Wednesday, April 29, 2009

Robert Arnott: Bonds: Why Bother?

Here is the conclusion of the popular article from Index Universe "Bonds: Why Bother?" written by Robert Arnott and published on April 20, 2009:

We manage assets in an equity-centric world. In the pages of the Wall Street Journal, Financial Times and other financial presses, we see endless comparisons of the best equity funds, value funds, growth funds, large-cap funds, mid-cap funds, small-cap funds, international equity funds, sector funds, international regional funds and so forth. Balanced funds get some grudging acknowledgment. Bond funds are treated almost as the dull cousin, hidden in the attic.

This is no indictment of the financial press. They deliver the information that their readers demand, and bonds are—at first blush—less interesting. The same holds true for 401(k) offerings, which are overwhelmingly equity-centric. If 80–90 percent of the offerings provided to our employees are equity market strategies, is it any surprise that 80–90 percent of their assets are invested in stocks? And is it any surprise that they now feel angry and misled?

Many cherished myths drive our industry’s equity-centric worldview. The events of 2008 are shining a spotlight, for professionals and retail investors alike, on the folly of relying on false dogma.

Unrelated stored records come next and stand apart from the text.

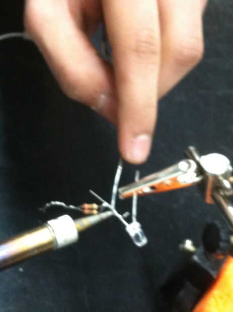 El paso siguiente es soldar los LEDs y las resistencias en sus pares. Entonces Envuelva las perchas de alambre por los orificios de la tubería y la forma en cualquier forma que desee.
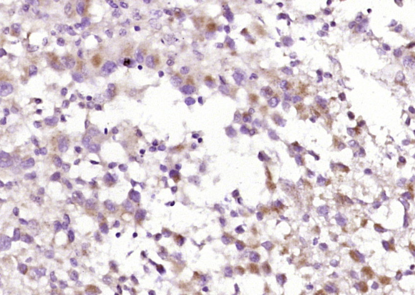 Paraformaldehyde-fixed, paraffin embedded (human brain glioma); Antigen retrieval by boiling in sodium citrate buffer (pH6.0) for 15min; Block endogenous peroxidase by 3% hydrogen peroxide for 20 minutes; Blocking buffer (normal goat serum) at 37°C for 30min; Antibody incubation with (C1QC) Polyclonal Antibody, Unconjugated (bs-11337R) at 1:400 overnight at 4°C, followed by operating according to SP Kit(Rabbit) (sp-0023) instructionsand DAB staining.
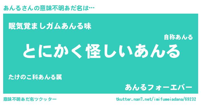 | 女子向けラノベタイトル風あだ名 | 『あんるは平凡を望む』『あんる恋絵巻』 |
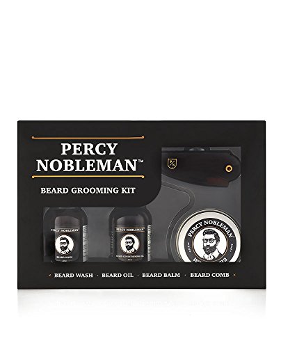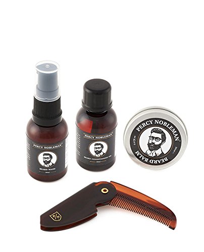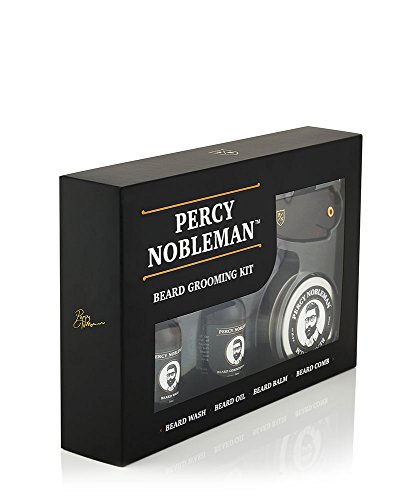 Percy Nobleman Beard Grooming Kit Bundle with Beard Oil, Wash, Wax and Comb Set for Men

* For the long-term investor, stocks are supposed to add 5 percent per year over bonds. They don’t. Indeed, for 10 years, 20 years, even 40 years, ordinary long-term Treasury bonds have outpaced the broad stock market.
* For the long-term investor, stock markets are supposed to give us steady gains, interrupted by periodic bear markets and occasional jolts like 1987 or 2008. The opposite—long periods of disappointment, interrupted by some wonderful gains—appears to be more accurate.
* For the long-term investor, mainstream bonds are supposed to reduce our risk and provide useful diversification, which can improve our long-term risk-adjusted returns. While they clearly reduce our risk, there are far more powerful ways to achieve true diversification—and many of them are out-of-mainstream segments of the bond market.
* Capitalization weighting is supposed to be the best way to construct a portfolio, whether for stocks or for bonds. The historical evidence is pretty solidly to the contrary.

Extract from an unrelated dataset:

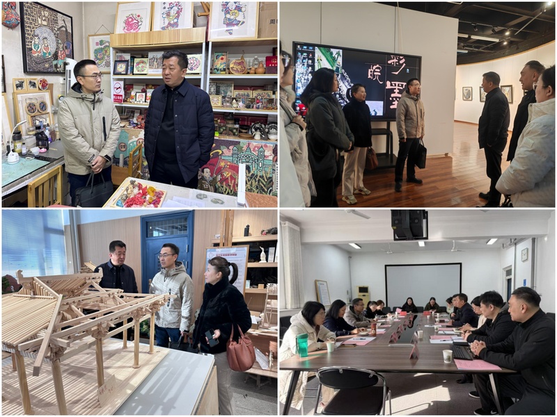 在河北农业大学,艺术学院院长卢国新教授详细介绍了河北农大艺术学院的办学历史、学科布局、师资队伍建设及人才培养整体情况,重点分享了学院在立足地域特色、深化产教融合、打造艺术实践品牌等方面的核心思路与实践成果。艺术学院副院长李久熙、王兆丰分别围绕人才培养方案制定、科研体系搭建、项目申报与管理以及科研成果转化等方面的探索,特别是在艺术科研与地方产业融合、非遗文化创新等领域取得的成效。贾鹏介绍了山东农业大学艺术学院的办学历史及发展特色,双方围绕艺术学科服务乡村振兴、科研成果转化等共同关注的领域交换意见。

As investors become increasingly aware that the conventional wisdom of modern investing is largely myth and urban legend, there will be growing demand for new ideas, and for more choices.

Why are there so many equity market mutual funds, diving into the smallest niche of the world’s stock markets, and so few specialty bond products, commodity products or other alternative market products? Today, investors are still reeling from the devastation of 2008, and the bleak equity results of this entire decade. They have already begun to notice that there were opportunities to earn gains, sometimes handsome gains, in a whole panoply of markets in the past decade—most of which are still difficult for the retail investor to access.

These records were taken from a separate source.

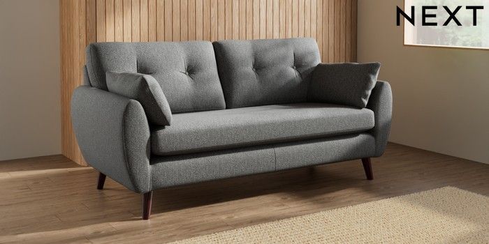7.3.1 Buy Wilson Buttoned Back 3 Seater Small Sofa Tweedy Chenille Dark Grey Retro Tapered - Dark Brown from the Seasons online shop Click here to use our website with more accessibility support, for example screen readers
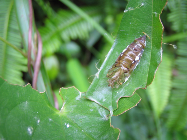 7月16日,山県市でヤマノイモの葉をひろげたら,さなぎの抜け殻がありました.
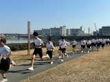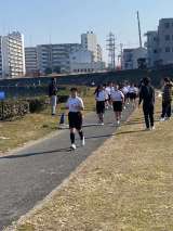マラソン大会スタートは女子から、スタート地点に集合し軽いストレッチの後、ホイ...

We’re in the early stages of a revolution in the index community, now fast extending into the bond arena. In the pages of this special issue of the Journal of Indexes, we see several elements of that revolution. In the months and years ahead, we will see the division between active and passive management become ever more blurred. We will see the introduction of innovative new products. The spectrum of bond and alternative product for the retail investor will quickly expand. We will shake off our overreliance on dogma. And our industry will be healthier for it.